I’ll make a summary about an article of Fast String Searching with suffixes trees posted in August 1 1996 by Mark Nelson in Computer Science, Data Compression, and Magazine Articles.
The article was published in Dr.Dobb’s Journal in August 1996
The article starts specifying what the problem is; it talks about how programmers face day to day some match string sequence problems, and how improving it will benefit a lot. Then it gives an example of how useful it would be to improve string searching algorithms, imagine that you work as a programmer in a DNA sequence project, researchers will be busy producing fragmented sequences of nucleotides, they send this information to the server and it’s expected to locale the sequences in a database of genomes, as we already know a genome of a specific virus may contain thousands of nucleotides bases and as a server of a DNA research would be full of viruses, if the string searching algorithm is not efficient it would take a lot of time to match with the correct virus. If you use a brute force string search algorithm it would take forever to perform a string comparison at every single nucleotide in every genome in the database. So the problem is how this can be solved.
Building a search trie for searching through input text. A trie is a type of tree that has N possible branches from each node, where N is the number of characters in the alphabet. It’s called suffix because the trie contains all the suffixes of a given block of text, in this case all the viral genome.

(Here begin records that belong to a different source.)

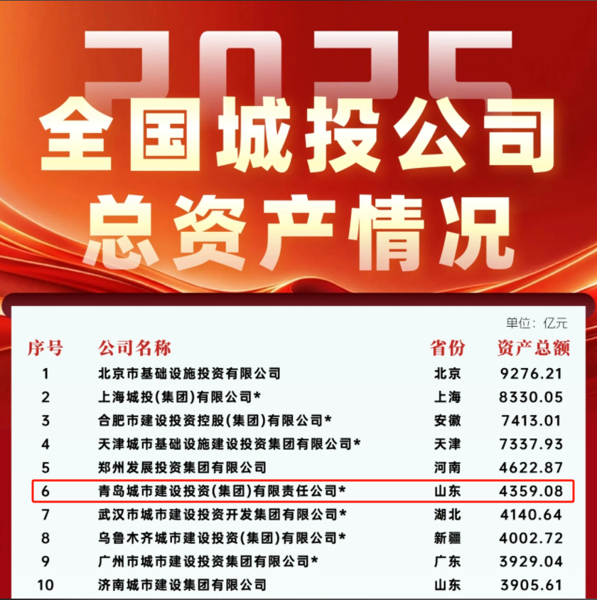 近日,中国城市发展研究会城市建设投融资研究专业委员会(简称“城投协会”)、现代咨询集团对“2025全国城投公司总资产情况”“2025全国城投公司营业收入情况”等榜单进行了联合发布。
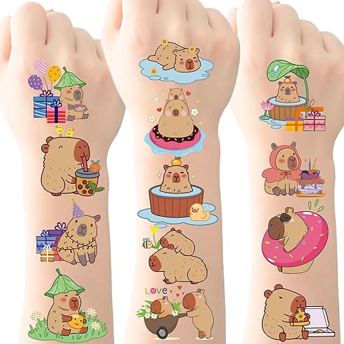 Capybara Birthday Decorations Temporary Tattoos - 240 Pcs Waterproof Stickers Fake Face Tattoo Capy Themed Funny Animals Favors for Kids Boys Girls Party Decor Rewards Prizes
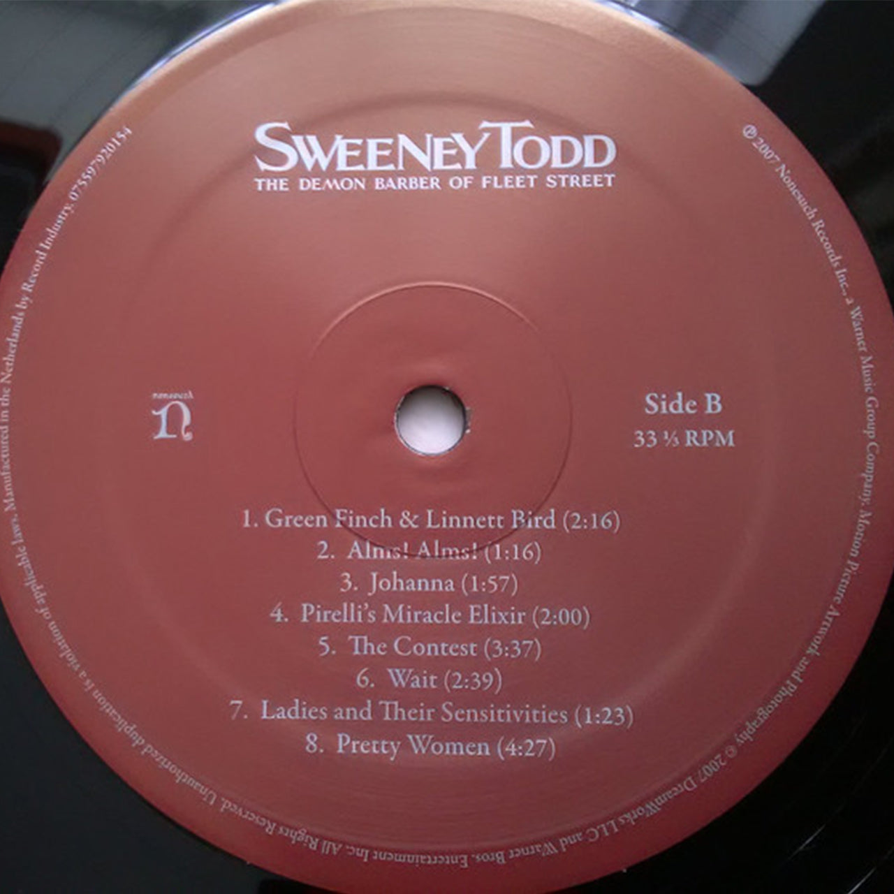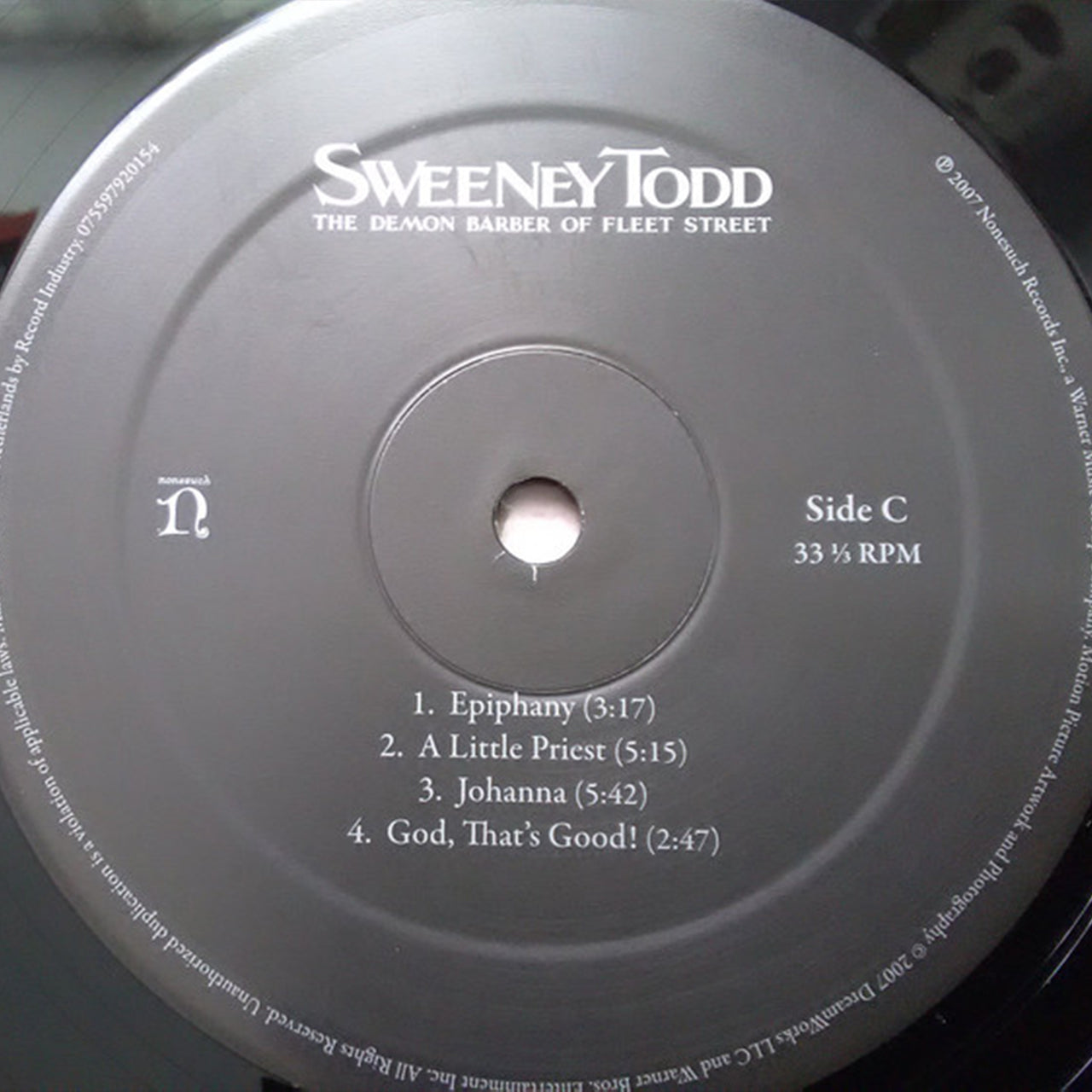 Stephen Sondheim – Sweeney Todd: The Demon Barber of Fleet Street (The Motion Picture Soundtrack) [2LP] — готичний мюзикл-саундтрек із похмурою оркестровкою, оперною драматургією та чорним гумором. Музика Соундгайма поєднує симфонічну помпезність із театральною гостротою, ведучи від прологу The Ballad of Sweeney Todd і дуетів з Місіс Ловетт до кульмінаційних номерів Johanna та Epiphany; хор, струнні й мідні створюють атмосферу вікторіанського Лондона з присмаком кармічної помсти.
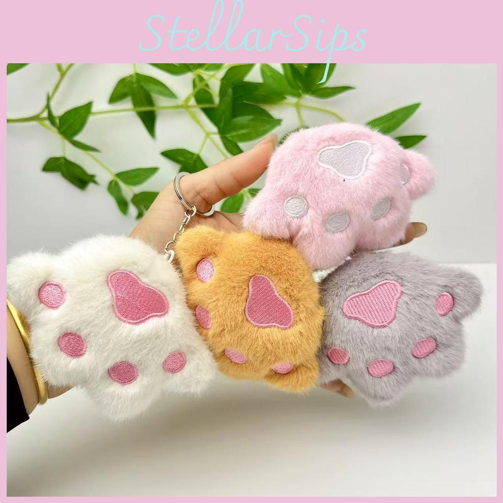 This plush cat paw keychain features a soft, short pile plush construction, crafted with high-quality PP cotton filling. Measuring 3.15 inches in height, it includes an 3.15-inch chain and a gold keyring for easy attachment. Ideal for decorating bags, backpacks, or as a thoughtful gift. Wipe clean with a damp cloth to maintain its softness.
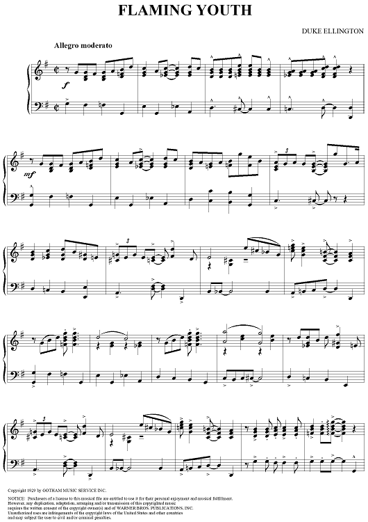 Digital Sheet Music for Flaming Youth by Duke Ellington scored for Piano Solo; id:116340
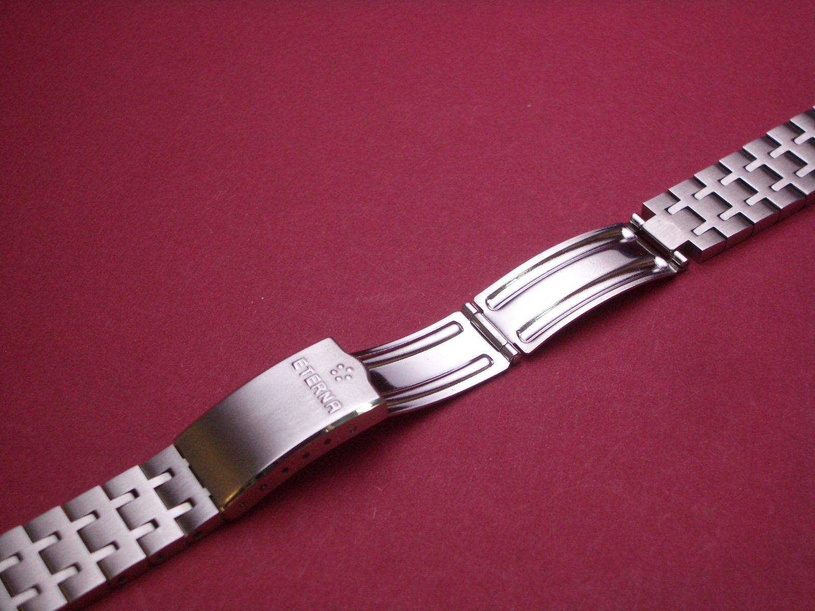 Eterna Armband Stahl mit Faltschließe, Bandbreite am Gehaüse 15,1mm und an der Schließe 12,6mm , Bandlänge: ca 148mm im geschlossenen Zustand, ohne Anchlußglied

This example shows a suffix trie for the word BANANAS. It gets divided in a starting root node and all of the suffixes of the word BANANAS in this case the suffixes are BANANAS, ANANAS, NANAS and an S. Suffixes trees simplify the job because if you input a text of N length and need to search for a length M string it would just need to compare M to search, in traditional brute force search algorithms it would take a lot of time because it would compare all N*M comparisons available. Suffixes trees are so efficient that if the word BANANAS was in the collected works of Shakespear it would only take 7 character comparisons to find it.
But if they are so efficient why we don’t hear much about there use?
This is because constructing one requires O(N2) time and space.
A solution to this was proposed in 1976 by Edward McCreight when he published a paper on what came to be known as the suffix tree. The difference between suffix tree and suffix trie it’s that the suffix tree eliminate nodes that have a single descendant, meaning that now individual edges in the tree may now represent sequences of text instead of single characters.
In this picture we can see that by using this method we removed 12 nodes meaning that the time and space requeriment for the contruction is also reduced from O(N2) to O(N).
McCreight’s original algorithm had some disadvantages; one of them was that it required the tree to be built in reverse order meaning characters were added from the end of the input. This makes much more difficult to use for applications of data compression. Then Esko Ukkonen from the Iniversity of Helsinki make some modifications to the McCreight algorithm making it able to work from left to right.
Esko Ukkonen algorithm would work this way:
It starts with an empty tree for a given string of text, it then adds each of the N prefixes in this case B is inserte to the tree then BA then BAN untll its completely inserted and the tree is complete.